Items from a dataset
§ §

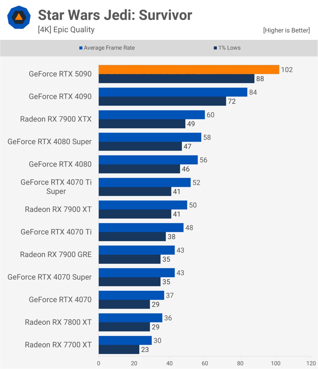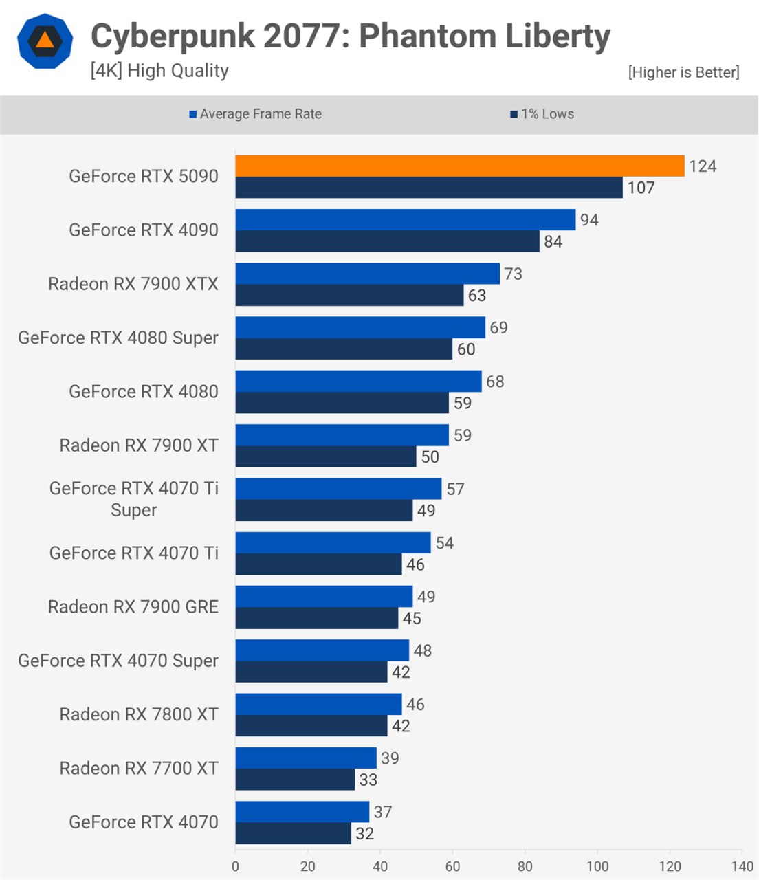 Чип протестировали в нескольких играх. Результаты показали, что разница между 5090 и 4090 не такая большая, чтобы переплачивать за новинку. Эксперты назвали видеокарту улучшенной и более мощной версией 4090 или 4090 Ti, но никаких заметных инноваций устройство предложить не может.
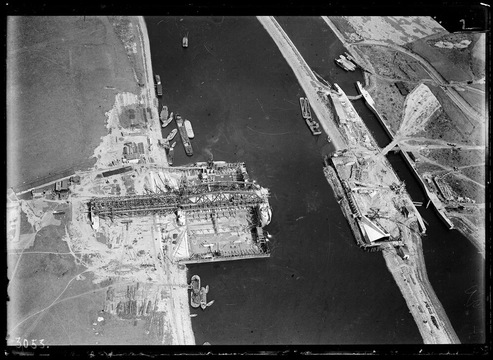 Eerste boog Maasbrug in Nederasselt in wording
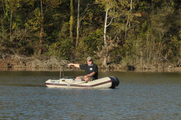 Po nekonečně dlouhé cestě následuje nutné zakoupení povolenek v rybářském obchodě a doplnění nezbytných zásob potravin a pití. Po příjezdu k vodě jsme se u vody díky podrobně nastudovaným mapám rychle zorientovali a zamířili na předem vytipované místo. Rychle jsme nafoukli menší člun a zvolenou oblast před vázkami provnadili.
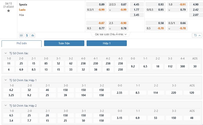 Chu kỳ lên xuống tỷ lệ kèo Spezia vs Lazio
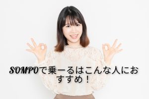 > サービスに不安がある方でも、まずはSOMPOで乗ーるの詳細を確認してみて、あなたに合うかどうか検討してみてください。[公式サイトはこちら]

§ §

* EXERCISE *
Repeat exactly and only the lines from the start of the data above through the line that holds "Eerste boog Maasbrug", inclusive. Pictures do not belong in the copy.

* SOLUTION FOR THIS PROBLEM *
 Чип протестировали в нескольких играх. Результаты показали, что разница между 5090 и 4090 не такая большая, чтобы переплачивать за новинку. Эксперты назвали видеокарту улучшенной и более мощной версией 4090 или 4090 Ti, но никаких заметных инноваций устройство предложить не может.
 Eerste boog Maasbrug in Nederasselt in wording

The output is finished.